## Bulletines Cleaning

I used this notebook to clean raw data previously scraped containing information from the monthly bulletines published by the Italian Ministry of Justice.

In [1]:
import pandas as pd
import numpy as np
import re

### Basic cleaning

- Converting numbers into integers (note that the `.` in Italy is being used as a decimal separator)
- Removing `Totals` (we'll calculate them when needed)
- Fixing empty values to numeric (from NaN to 0)
- Converting to integer

In [None]:

# Read CSV with thousands separator specified
df = pd.read_csv("../outputs/raw/bulletines_raw.csv", thousands=".")

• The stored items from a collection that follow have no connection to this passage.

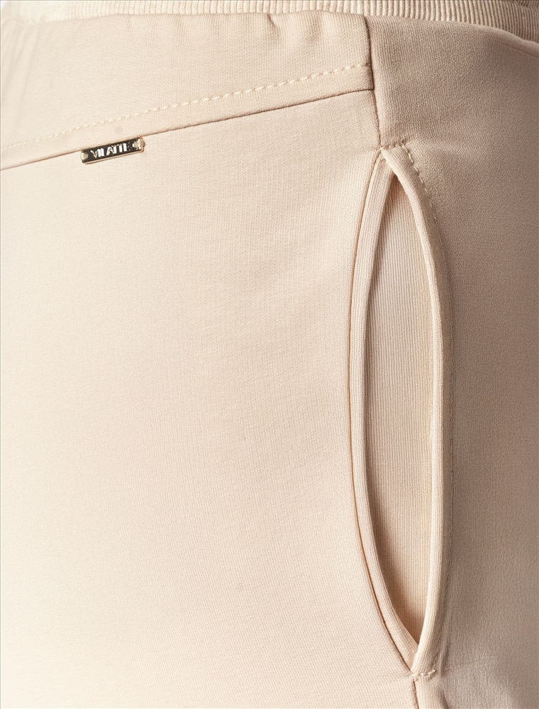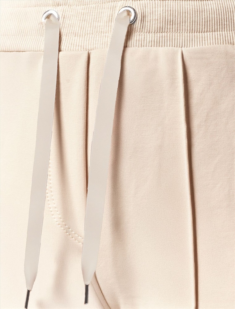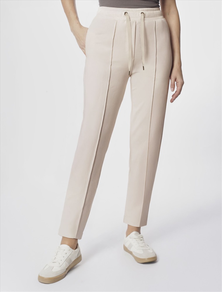 Брюки выполнены из эластичного футера-двухнитки. Модель дополнена застроченными стрелками, что визуально вытягивает силуэт. Эластичный пояс на резинке с хлопковым шнурком и металлической фурнитурой. Брюки сочетаются в костюме с футболкой D49.031 и бомбером D49.038
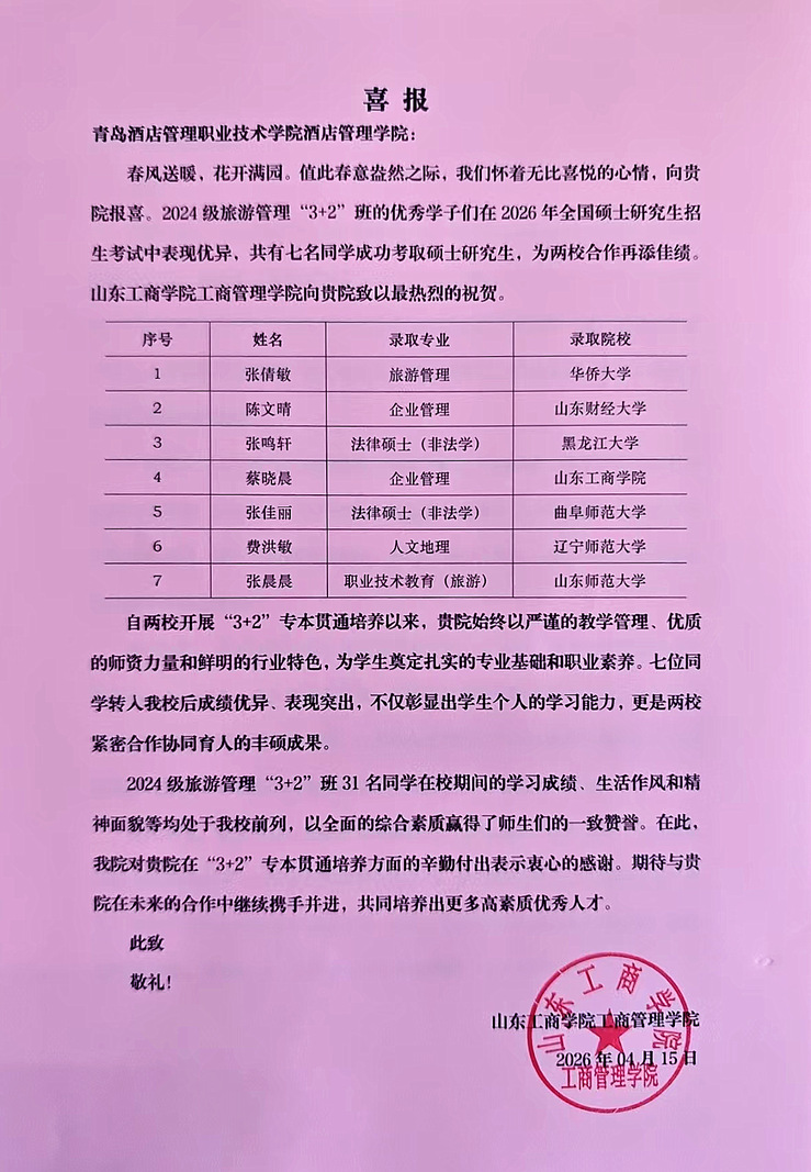 本网讯(酒店管理学院)4月15日,山东工商学院工商管理学院向酒店管理学院发来喜报,热烈祝贺我校2021级酒店管理与数字化运营专业专本贯通班在2026年全国硕士研究生招生考试中斩获佳绩——全班31名学生中有7人顺利考取硕士研究生,上线率达22.6%,录取率稳居山东工商学院旅游管理专业毕业班前列。
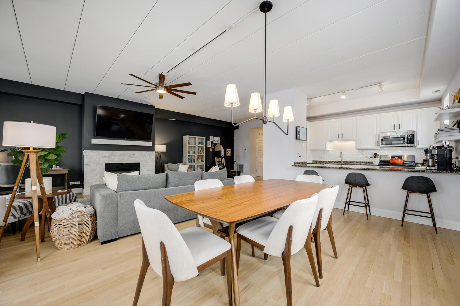 Perfectly positioned in a boutique elevator building in the heart of the West Loop, this exceptional northwest-corner two-bedroom, two-bath residence offers a rare combination of light, scale, and thoughtful design. The expansive living room is anchored by a gas fireplace and intelligently designed with distinct alcoves ideal for a home office, reading nook, or fitness space-offering flexibility that suits modern city living. Just beyond, a dedicated dining area is flanked by an oversized kitchen peninsula on one side and a private, tree-lined balcony overlooking Madison Street on the other, creating an inviting environment for both everyday living and entertaining. The kitchen is bathed in natural light from a large window and offers abundant storage, including a separate pantry, classic white shaker cabinetry, granite countertops, and newer stainless-steel appliances-timeless, functional, and well executed. A welcoming foyer provides a formal sense of entry along with additional storage, enhancing the home’s flow and functionality. Privately tucked away, both bedrooms enjoy sunny southern exposures and have been elevated with wainscoting, designer lighting, and custom shelving. The generously sized primary suite exudes understated sophistication, complete with an organized walk-in closet and a refreshed ensuite bath featuring a separate tub and walk-in shower. Soaring 9+-foot ceilings and unobstructed north, west, and south exposures flood the extra-wide interiors with natural light throughout the day, highlighting the beautifully restored light oak hardwood floors that run seamlessly throughout the home. Refined updates throughout and important mechanical improvements such as a newer A/C condenser, hot water heater, and washer and dryer. Additional storage and one large exterior gated parking space are included. Enjoy an unparalleled West Loop lifestyle with convenient access to acclaimed restaurants, boutique shopping, grocery stores, parks, fitness studios, and nightlife, along with effortless connectivity to the Kennedy and Eisenhower Expressways and Ogilvie and Union Stations. A refined urban residence where light, location, and livability converge.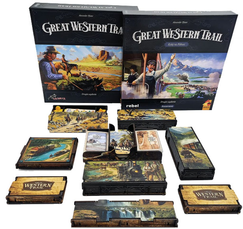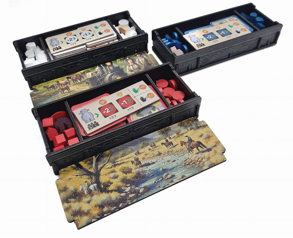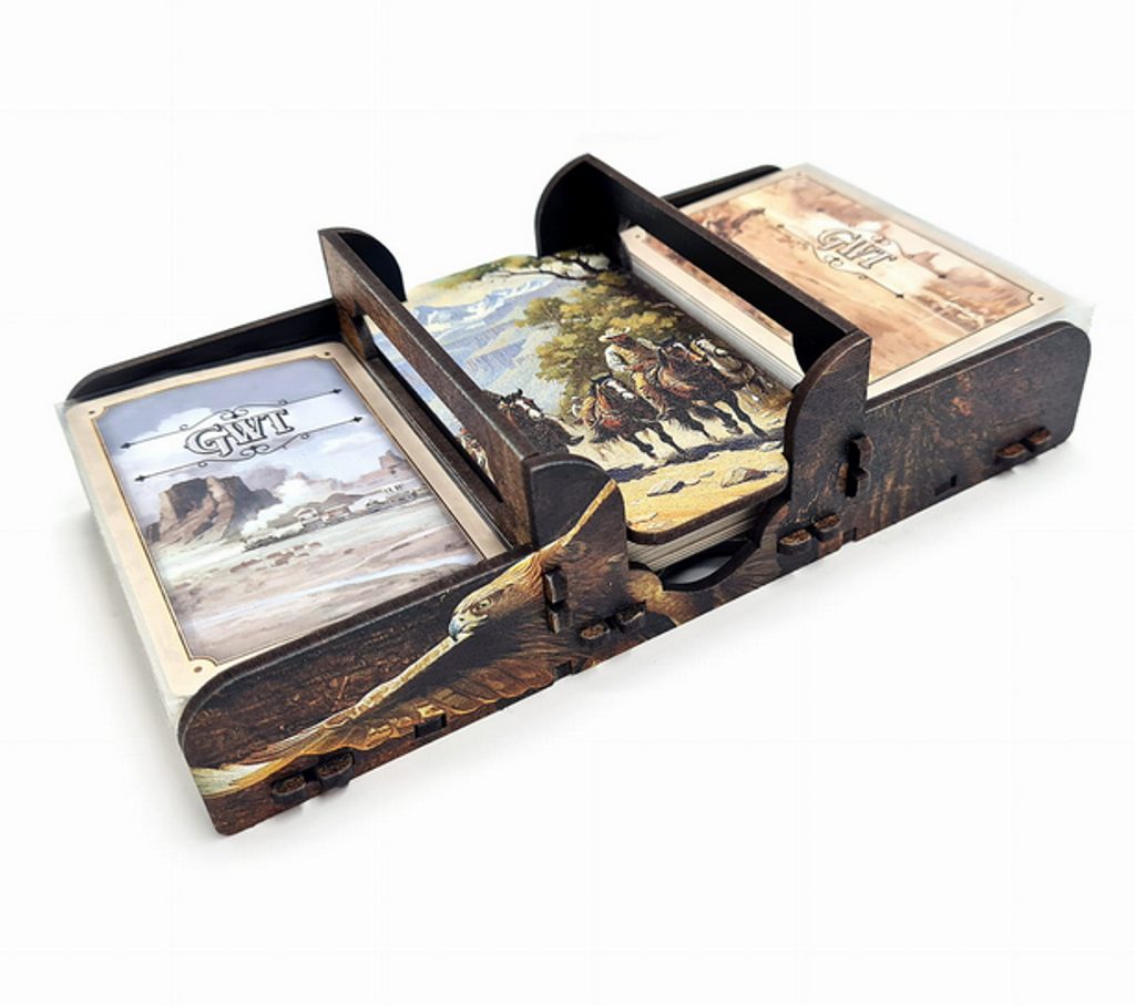 Vymazlený insert od firmy e-Raptor pro hru Great Western Trail Second Edition a rozšíření Rails to the North. Všechny komponenty mají své místo, insert počítá s obalenými kartami.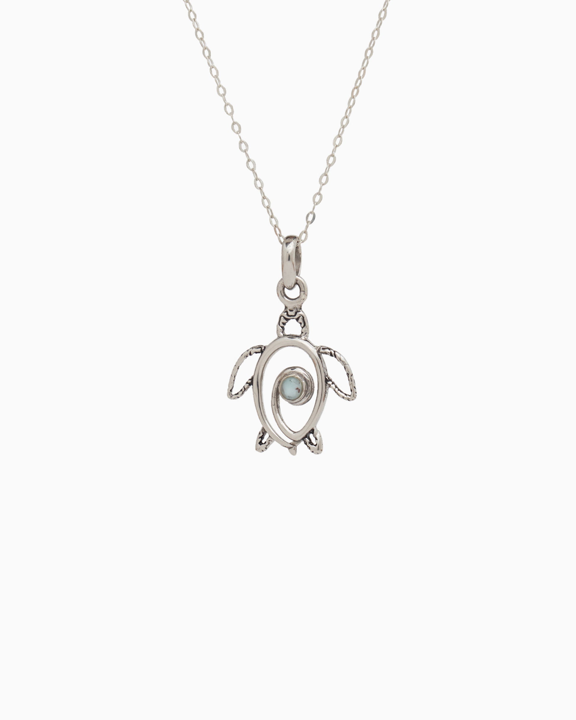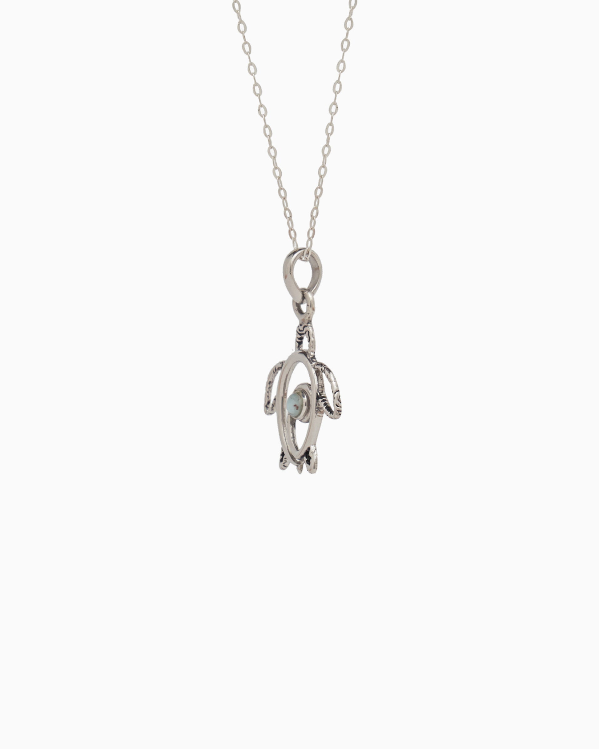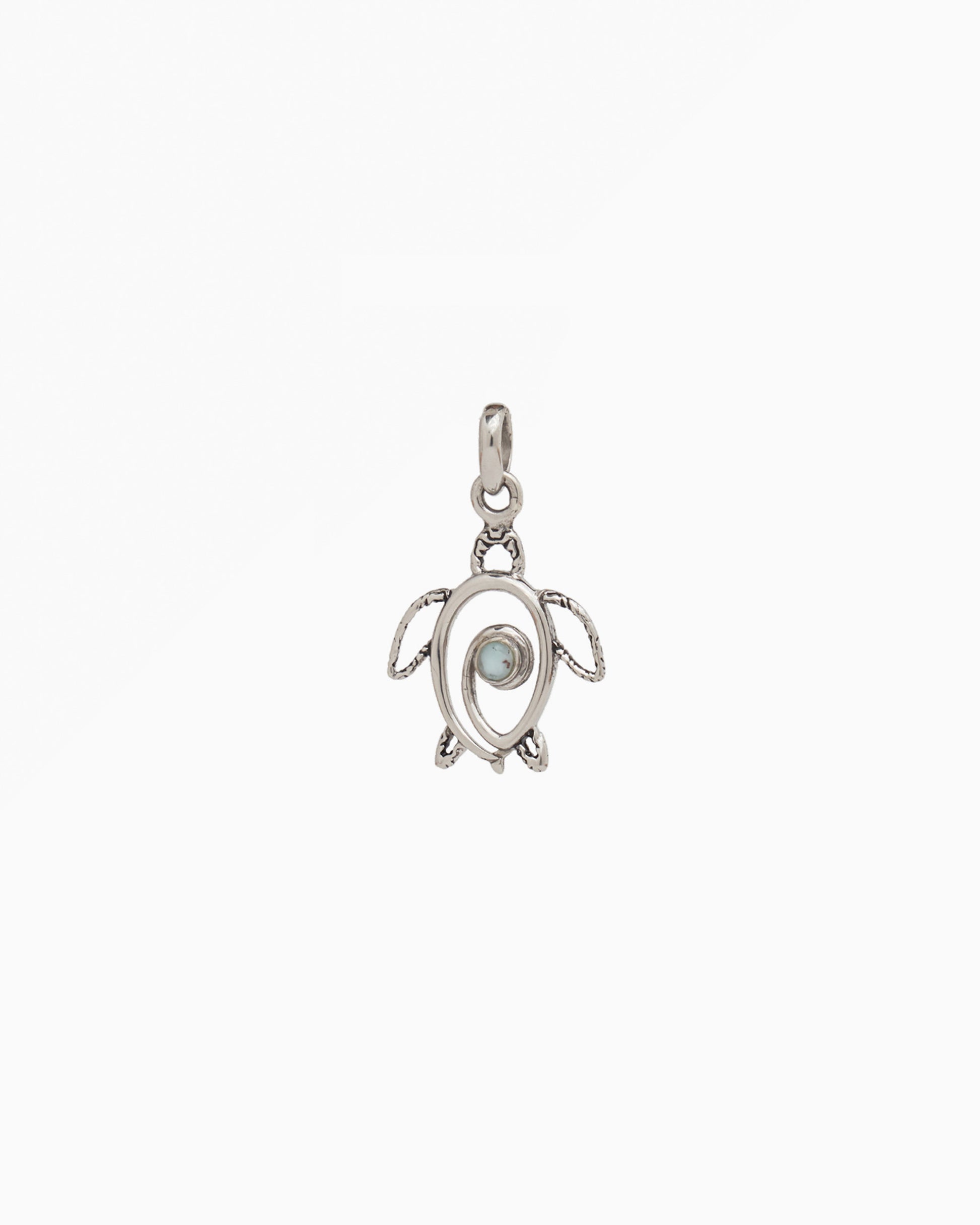 The Turtle Outline Pendant showcases a distinctively textured sterling silver turtle outline, accentuated by a larimar cabochon at its center. This exquisite piece makes a striking homage to the majestic Caribbean sea turtles, capturing the beauty and essence of these graceful creatures. Pair with your favorite chain, sold separately.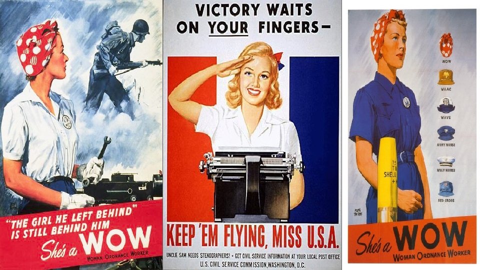 ROSIE THE RIVETER Most iconic image of the war Aimed at recruiting female workers for the munitions industry http: //www. history. com/topics/worl d-war-ii/world-war-iihistory/videos/ask-history-rosie-theriveter? cmpid=mrss_int_taboola_vi deo_his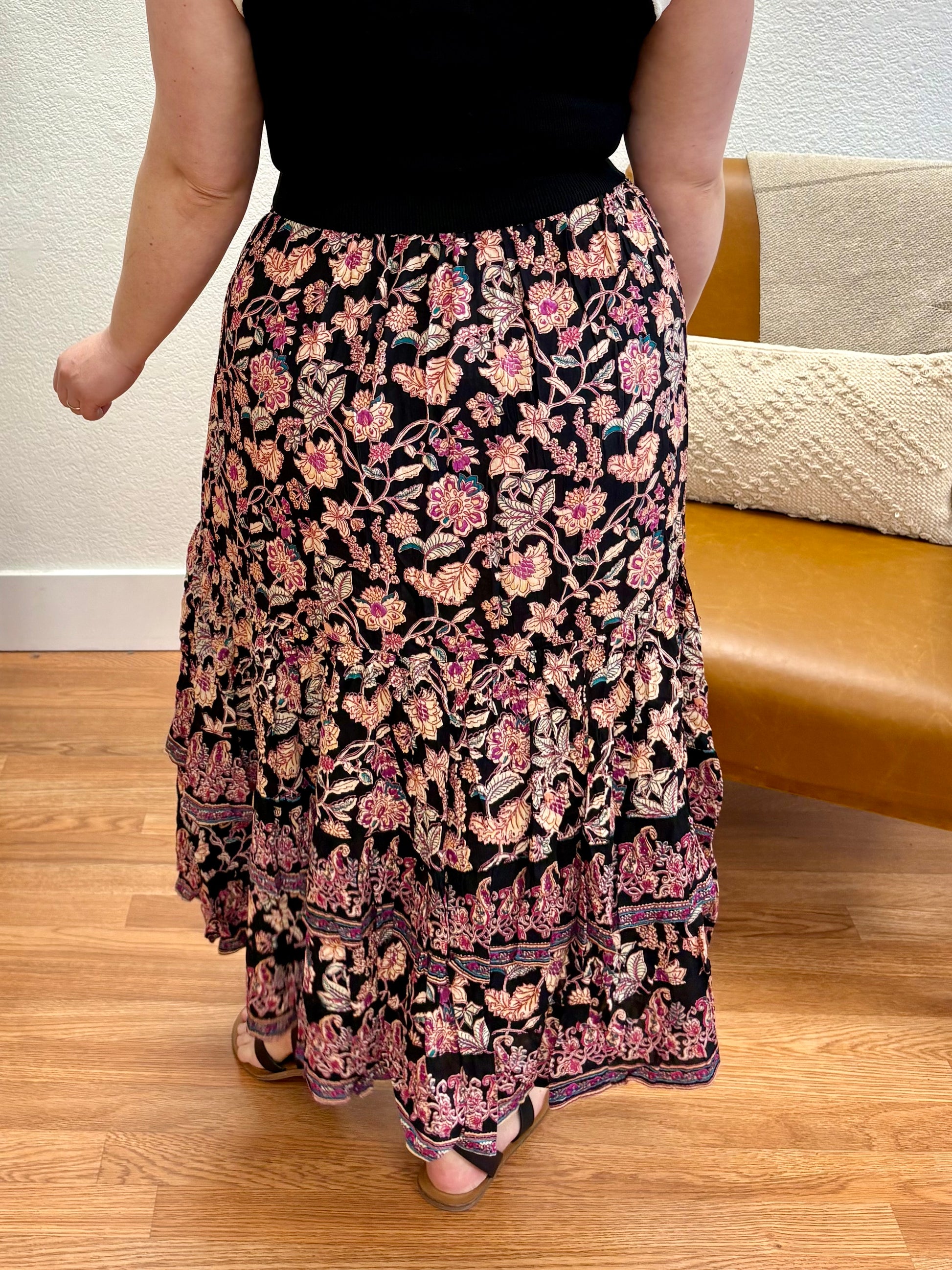 This Black Printed Maxi Skirt showcases intricate artistry with flowing bohemian elegance.

# Remove rows where "Regione di detenzione" is "Totale"
df = df[df["Regione di detenzione"] != "Totale"]

# Replace empty strings and similar with NaN
df.replace(["", " ", "NaN", "nan"], np.nan, inplace=True)

# Fill NaN values with 0
df.fillna(0, inplace=True)

# Convert columns to integer type
df['Detenuti presenti - stranieri'] = df['Detenuti presenti - stranieri'].astype(int)

# Remove dots from numeric strings in the specified column
df['Detenuti presenti - totale'] = df['Detenuti presenti - totale'].str.replace(".", "")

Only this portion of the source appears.